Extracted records
================================
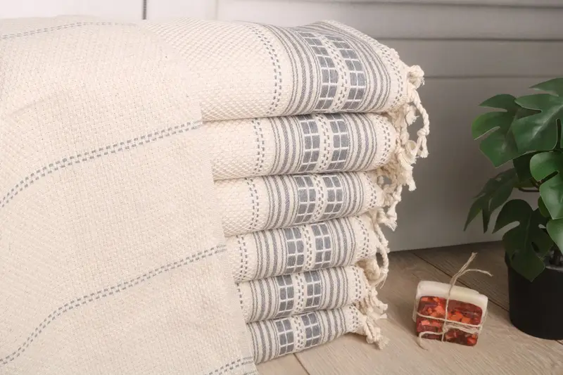 Organic Turkish cotton, if available, ensures superior absorbency and a soft texture. The towels are made from natural linen, resulting in a breathable and durable product. Each towel measures 40x20 inches or 50x100 cm, weighing 120 grams. Hand-weaving tolerances are between 1-2.5 cm.
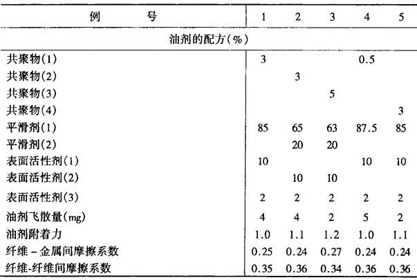 上表中,平滑剂(1)为精制锭子油(60s);平滑剂(2)为棕榈酸-2-乙基己酯。表面活性剂(1)为聚氧化乙烯(5EO)十八烯基醚;表面活性剂(2)为聚氧化乙烯(3EO)十二烷基醚;表面活性剂(3)为十二烷基磷酸酯三乙醇胺盐。 由上表可见,本品在高速纺条件下油剂飞散量很少,其纤维-金属间的摩擦系数、纤维-纤维间的摩擦系数与普通油剂(不含共聚物)几乎相同,或者更好一些。 (日本特许公开:3-40150) |
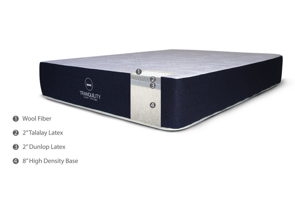 The latex foam in this luxurious bed give you a great "sleep on it" feel while never giving you an issue of rolling over in bed! This deluxe version provides maximum air flow and comfort. The bed's expert craftsmanship begins with our soft, extravagant wool fiber comfort top that envelops a full 2-inch layer of latex foam plus another 2-inch layer of Dunlop latex foam. An 8-inch high-density foam core base support system is at the heart of this exceptional sleep experience. keeps you resting easy in this exceptional bed. Tranquility at its best.
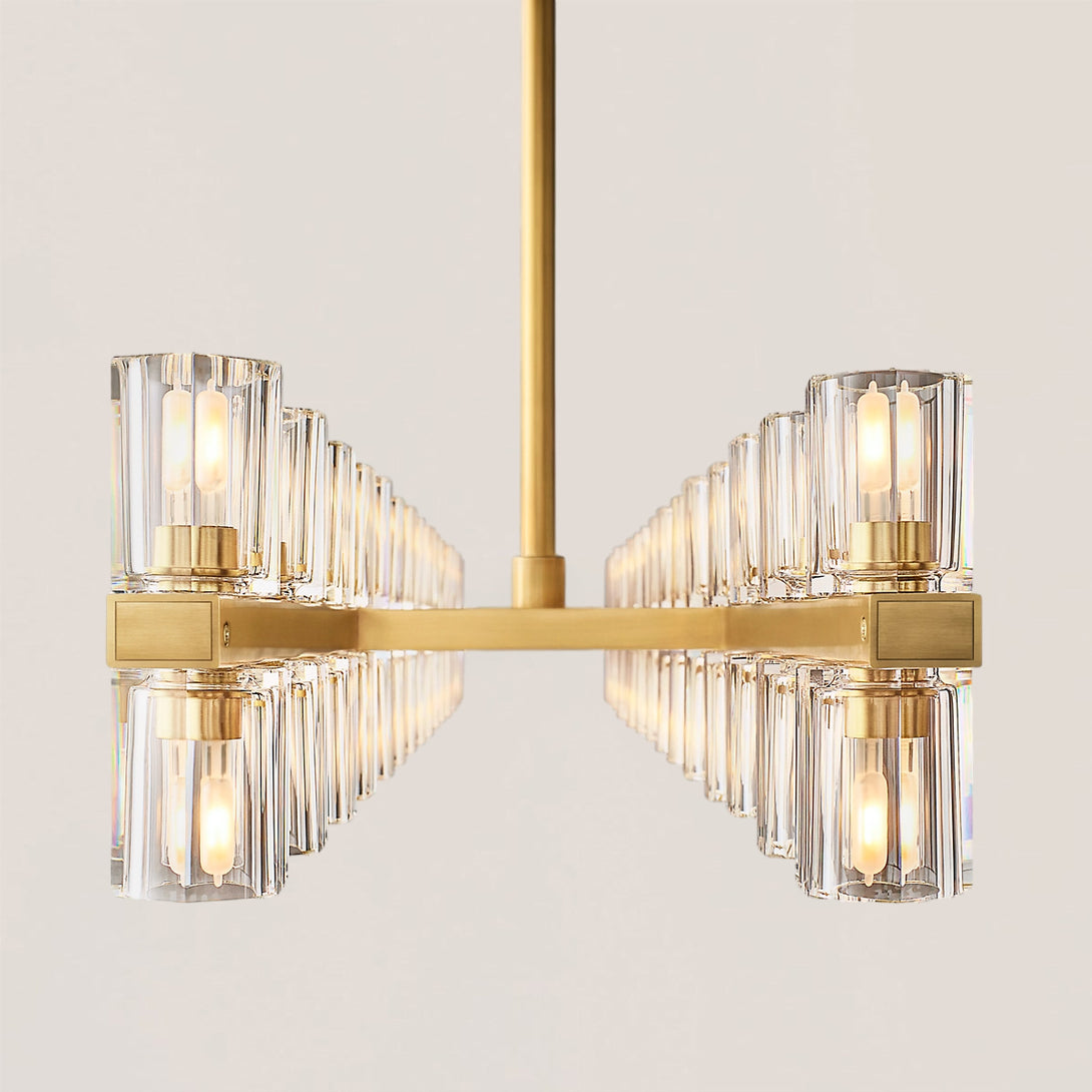 The collection is inspired by the shape and scale of industrial gears, where spokes intersperse with negative space in order to interlock with other gears. Here, the spokes are hexagonal forms juxtaposed with rounded interiors, beautifully crafted of crystal glass, running along a simple, solid metal frame.
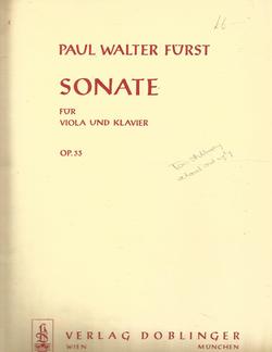 Paul Walter Furst. Sonate for Viola & Piano. Op.33, Doblinger 10.971 Score and Part. 32 and 9 Pages. Viola Part has minor Pencil Notatios, Otherwise every thing is in excellent condition. 16-07
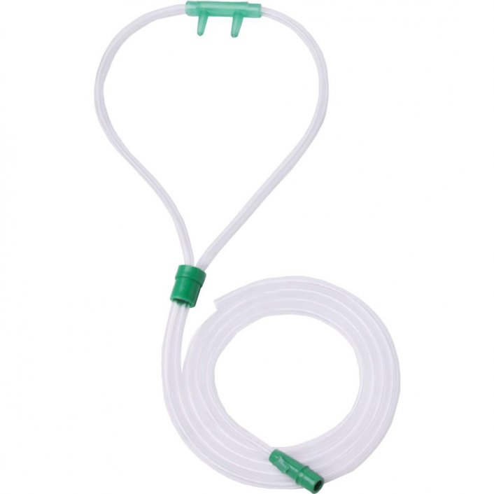 Cateter Nasal para Oxigênio Embramed Tipo Óculos. Dispositivo para instilação de oxigênio ou ar comprido através de introdutores nasais do paciente promovendo a elevação da concentração de oxigênio ou de ar na arvore traqueobrônquico alveolar proporcionando elevação da saturação de oxigênio no sangue circulante (s.a.PO2) -
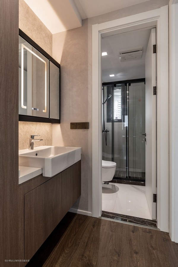 洗手台区域也可以使用新砌墙做隔断,与墙面选用同样的材质,铺贴瓷砖或者防水乳胶漆,打造整体性的视觉空间。
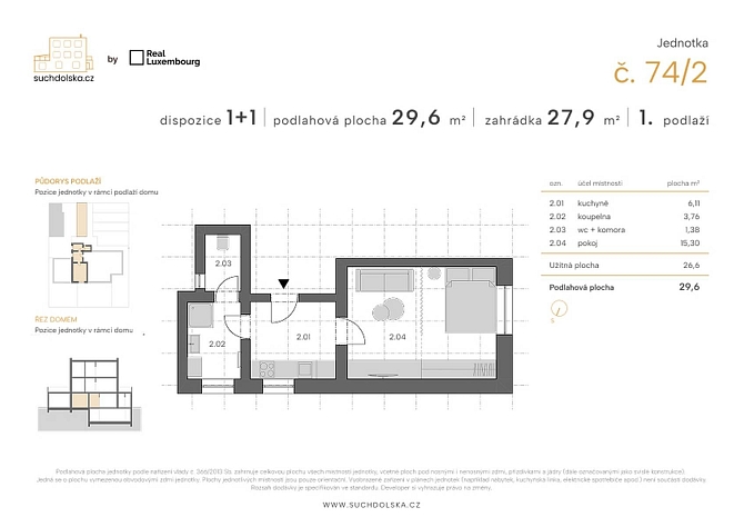 Nabízíme k prodeji moderní a nově zrekonstruovanou světlou jednotku o celkové ploše 29,2 m² s dispozicí 1+1 v 1. nadzemním podlaží. Jednotka se skládá z pokoje o ploše 15,30 m², kuchyně s přípravou pro kuchyňskou linku o ploše 6,11 m², kompletně zařízenou koupelnou s podlahovým vytápěním o ploše 3,76 m² a toaletou o velikosti 1,38 m². Součástí nabídky je také zahrádka o velikosti 27,9 m².
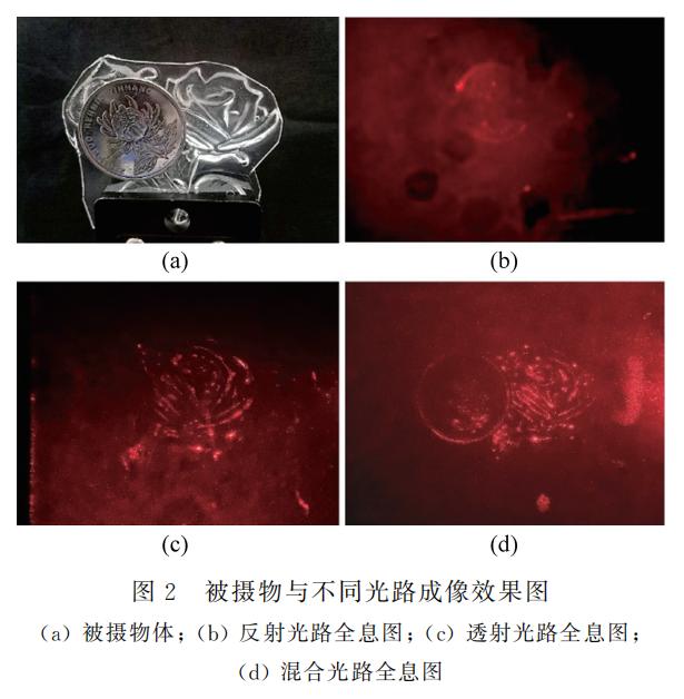 图(b)反映对照实验一,在只有反射物光作用的光路中,被摄物只有不可透光的硬币可以看到清晰物像。对可透光的浮雕花朵,大部分照明光透射过去,只有极少部分光经过反射到达干板,成像效果差。图(c)反映对照实验二,在只有透射物光作用的光路中,被摄物只有可透光的浮雕花朵可以看到物像,而不可透光的硬币看不到物像,丢失了硬币的信息。
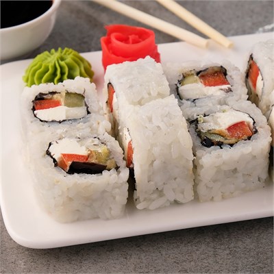 Рис, нори, маринованные огурцы, болгарский перец, зелень, сливочный сыр, баклажаны.
================================
- _Problem requirements_
Transcribe all of the data above verbatim but omit every picture.

- _Reply_
 Organic Turkish cotton, if available, ensures superior absorbency and a soft texture. The towels are made from natural linen, resulting in a breathable and durable product. Each towel measures 40x20 inches or 50x100 cm, weighing 120 grams. Hand-weaving tolerances are between 1-2.5 cm.
 上表中,平滑剂(1)为精制锭子油(60s);平滑剂(2)为棕榈酸-2-乙基己酯。表面活性剂(1)为聚氧化乙烯(5EO)十八烯基醚;表面活性剂(2)为聚氧化乙烯(3EO)十二烷基醚;表面活性剂(3)为十二烷基磷酸酯三乙醇胺盐。 由上表可见,本品在高速纺条件下油剂飞散量很少,其纤维-金属间的摩擦系数、纤维-纤维间的摩擦系数与普通油剂(不含共聚物)几乎相同,或者更好一些。 (日本特许公开:3-40150) |
 The latex foam in this luxurious bed give you a great "sleep on it" feel while never giving you an issue of rolling over in bed! This deluxe version provides maximum air flow and comfort. The bed's expert craftsmanship begins with our soft, extravagant wool fiber comfort top that envelops a full 2-inch layer of latex foam plus another 2-inch layer of Dunlop latex foam. An 8-inch high-density foam core base support system is at the heart of this exceptional sleep experience. keeps you resting easy in this exceptional bed. Tranquility at its best.
 The collection is inspired by the shape and scale of industrial gears, where spokes intersperse with negative space in order to interlock with other gears. Here, the spokes are hexagonal forms juxtaposed with rounded interiors, beautifully crafted of crystal glass, running along a simple, solid metal frame.
 Paul Walter Furst. Sonate for Viola & Piano. Op.33, Doblinger 10.971 Score and Part. 32 and 9 Pages. Viola Part has minor Pencil Notatios, Otherwise every thing is in excellent condition. 16-07
 Cateter Nasal para Oxigênio Embramed Tipo Óculos. Dispositivo para instilação de oxigênio ou ar comprido através de introdutores nasais do paciente promovendo a elevação da concentração de oxigênio ou de ar na arvore traqueobrônquico alveolar proporcionando elevação da saturação de oxigênio no sangue circulante (s.a.PO2) -
 洗手台区域也可以使用新砌墙做隔断,与墙面选用同样的材质,铺贴瓷砖或者防水乳胶漆,打造整体性的视觉空间。
 Nabízíme k prodeji moderní a nově zrekonstruovanou světlou jednotku o celkové ploše 29,2 m² s dispozicí 1+1 v 1. nadzemním podlaží. Jednotka se skládá z pokoje o ploše 15,30 m², kuchyně s přípravou pro kuchyňskou linku o ploše 6,11 m², kompletně zařízenou koupelnou s podlahovým vytápěním o ploše 3,76 m² a toaletou o velikosti 1,38 m². Součástí nabídky je také zahrádka o velikosti 27,9 m².
 图(b)反映对照实验一,在只有反射物光作用的光路中,被摄物只有不可透光的硬币可以看到清晰物像。对可透光的浮雕花朵,大部分照明光透射过去,只有极少部分光经过反射到达干板,成像效果差。图(c)反映对照实验二,在只有透射物光作用的光路中,被摄物只有可透光的浮雕花朵可以看到物像,而不可透光的硬币看不到物像,丢失了硬币的信息。
 Рис, нори, маринованные огурцы, болгарский перец, зелень, сливочный сыр, баклажаны.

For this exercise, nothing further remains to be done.